┌──
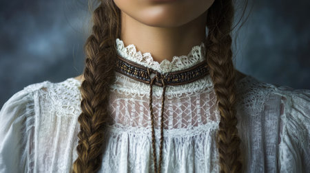 This captivating close-up portrait showcases a young woman with elegantly braided hair dressed in a vintage lace blouse, highlighting intricate details and textures.
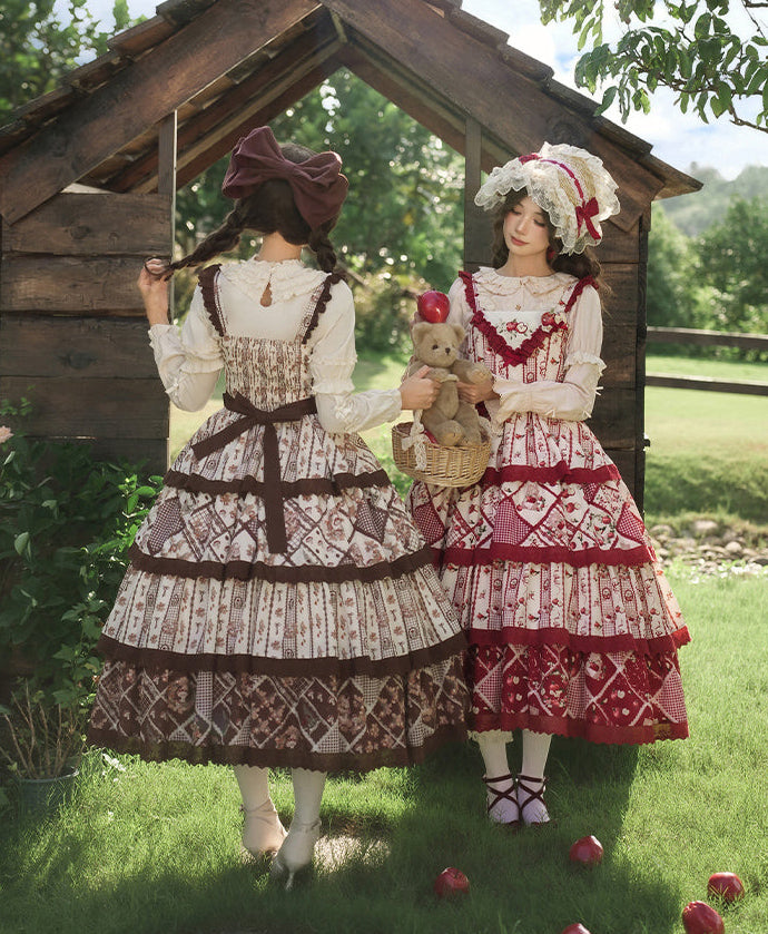 こっくりしたレッドやブラウンにお花のプリントが秋冬にぴったりなジャンパースカート。布ベルトとリボン付き。
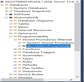 - Now login to SSMS > Expand database > Expand iautomate db > Expand programibility > Expand stored procedures and filter as getenvproxy as shown below.
└──
Directions for this task
All of the material must be given again exactly, though no picture may appear in the copy.

Completed exercise
 This captivating close-up portrait showcases a young woman with elegantly braided hair dressed in a vintage lace blouse, highlighting intricate details and textures.
 こっくりしたレッドやブラウンにお花のプリントが秋冬にぴったりなジャンパースカート。布ベルトとリボン付き。
 - Now login to SSMS > Expand database > Expand iautomate db > Expand programibility > Expand stored procedures and filter as getenvproxy as shown below.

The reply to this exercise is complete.